■ PROVIDED MATERIAL ■
=== Section Start ===

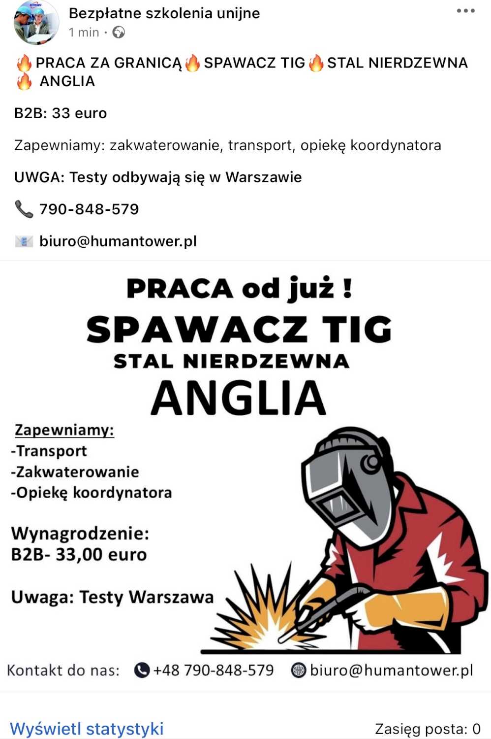 #uk #tig 🔥PRACA ZA GRANICÄ„🔥SPAWACZ TIG🔥STAL NIERDZEWNA🔥 ANGLIA B2B: 33 euro Zapewniamy: zakwaterowanie, transport, opiekÄ™ koordynatora UWGA: Testy odbywajÄ… siÄ™ w Warszawie 📞 790-848-579 📧 biuro@humantower.pl
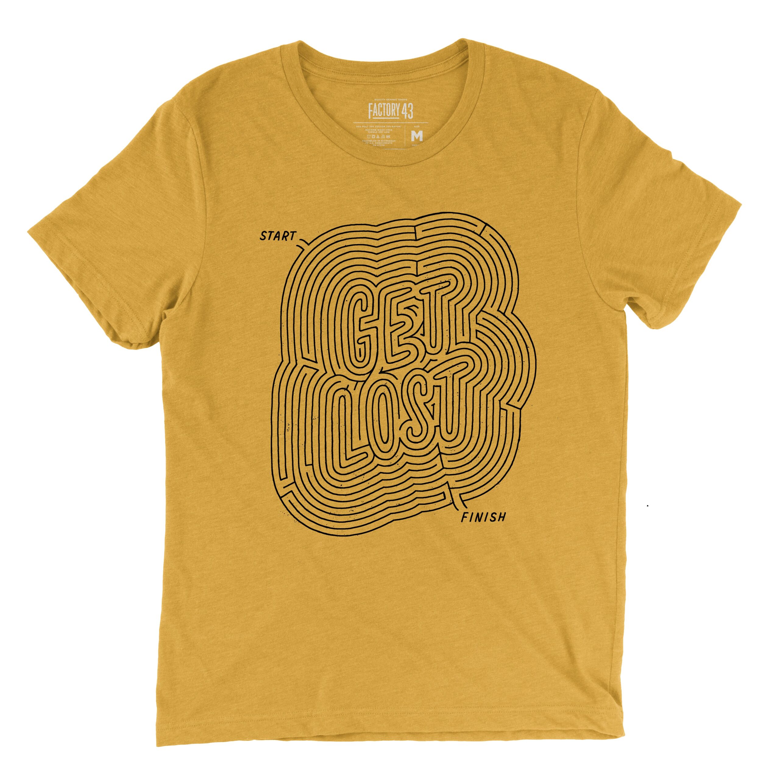 Soft cotton-poly tee in Heather Mustard, Dust, or Dusty Blue. Discharge print 52% combed and ring-spun cotton, 48% polyester blend
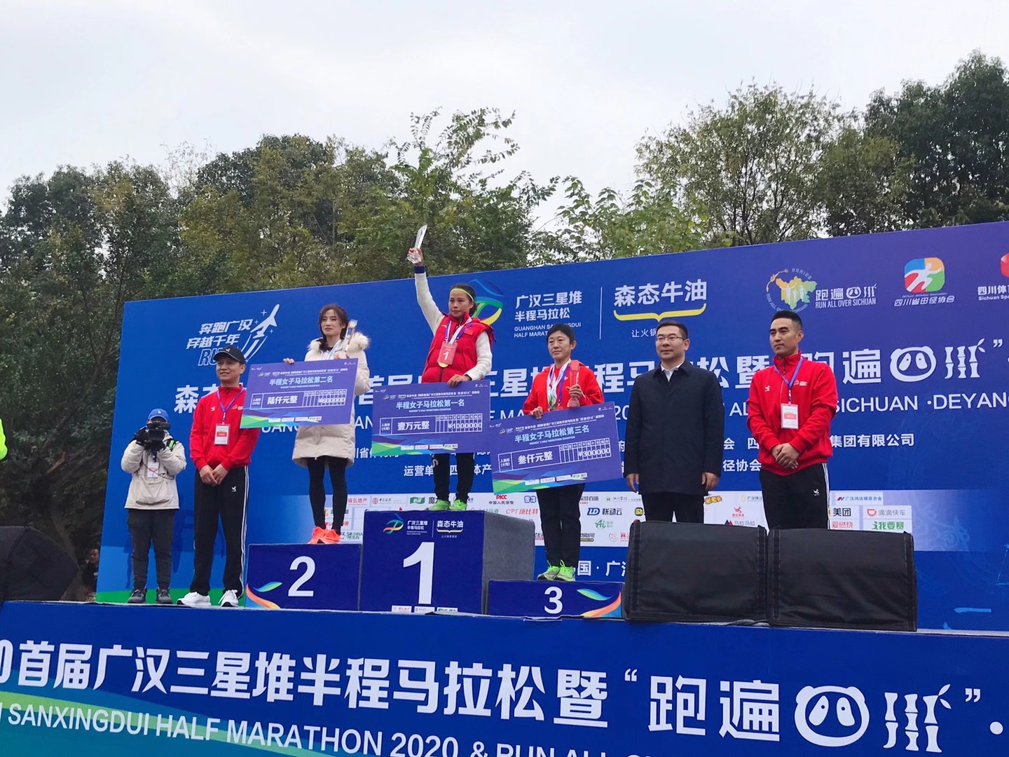 12月6日,森态牛油·2020首届广汉三星堆半程马拉松暨“跑遍四川”德阳站开跑,5000名来自全国各地的跑者在古蜀名城广汉上演了一场“速度与激情”的路跑盛宴。学院副院长于一作为特邀颁奖嘉宾与广汉市政府市长等领导一同为此次获奖选手颁发奖状和奖金。

=== Section End ===

■ WORK ITEM ■
Where an image appears in the data, skip it, and return the rest verbatim.

■ SOLUTION TO THIS EXERCISE ■
 #uk #tig 🔥PRACA ZA GRANICÄ„🔥SPAWACZ TIG🔥STAL NIERDZEWNA🔥 ANGLIA B2B: 33 euro Zapewniamy: zakwaterowanie, transport, opiekÄ™ koordynatora UWGA: Testy odbywajÄ… siÄ™ w Warszawie 📞 790-848-579 📧 biuro@humantower.pl
 Soft cotton-poly tee in Heather Mustard, Dust, or Dusty Blue. Discharge print 52% combed and ring-spun cotton, 48% polyester blend
 12月6日,森态牛油·2020首届广汉三星堆半程马拉松暨“跑遍四川”德阳站开跑,5000名来自全国各地的跑者在古蜀名城广汉上演了一场“速度与激情”的路跑盛宴。学院副院长于一作为特邀颁奖嘉宾与广汉市政府市长等领导一同为此次获奖选手颁发奖状和奖金。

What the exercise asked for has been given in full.